I used to be a pantser. A pantser is someone who writes by the seat of their pants. They start writing and see where it goes. I used to be like that. But, I ended up with more unfinished stories than I knew what to do with. However, I also know several people who have won NaNoWriMo with a pantsed novel.

There is no right or wrong way to write. If you are a habitual planner (and subsequently, a world-builder), that's awesome! If you are a pantser, that's awesome too! The most important part of NaNoWriMo is simply starting. You can't write the novel you never start.

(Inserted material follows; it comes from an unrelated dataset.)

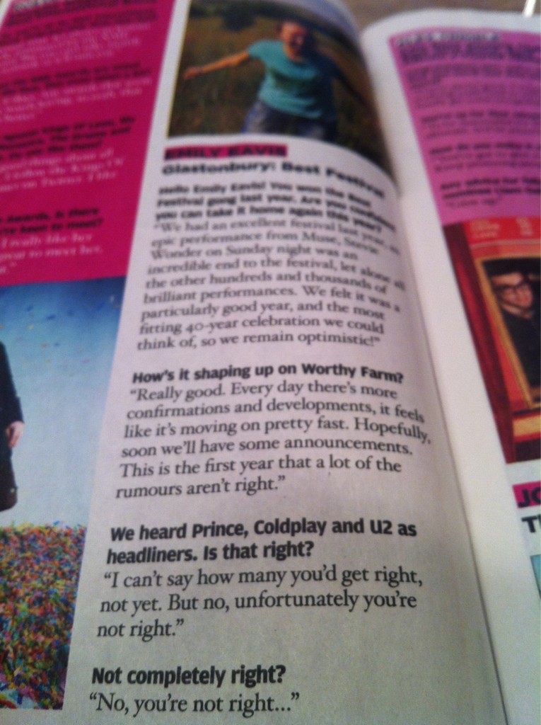 Emily Eavis, Tochter des Glastonbury-Gründers Michael und Mitveranstalterin, räumt in der Gerüchteküche des Glastonbury Festivals 2011 auf. In einem Interview…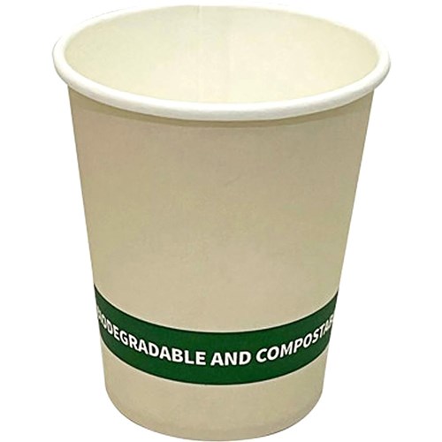 8oz (237mls) capacity, single-walled cups with a polylactic (PLA) bio-lining and 80mm diameter.

I also find stocking up on tea, hot chocolate, and food is immensely helpful for navigating the highs and lows of November. Staying caffeinated and well-fed (especially well-fed) is essential to just surviving the chaos that inevitable ensues. And when I say there are highs and lows, I mean it. You will have days when nothing short of the apocalypse can stop you. And, you will have days when the apocalypse is in full force inside your head and writing is nigh impossible. I know this, because I've been there. Back in 2013, I had a 5,000 word day. I surprised myself! And it felt wonderful! It felt amazing. But, that was only a one-time deal. I haven't had a 5,000 word day since. I've had a couple of 2,000 word days, but nothing quite so tremendous as that 5,000 word one. I've also had many, many lows. I've had zero word days, and days when I've struggled to keep focused. Any of my friends will be able to tell you that, sometimes, I have the attention span of a goldfish. This is due to my ADD, and some days are worse than others. I also struggle with dark moments when I doubt myself a lot. That doubt manifests itself in an inability to write when I really need to. This is when I'm glad I don't hole myself in my room for NaNoWriMo. I meet other writers to write with because of these low days. I often need the encouragement, to hear the voices of my friends telling me not to give up and to keep writing. The advice doesn't always sink in, but it helps knowing I have people cheering in my corner, people I will cheer on in return.

Oh, and something else that helps? My ever-present, all-round comforting, mascot, Perry. He's my NaNoWriMOwl!

Meet, Perry!

Am I insane for doing this? Definitely. But, I can't imagine November without it.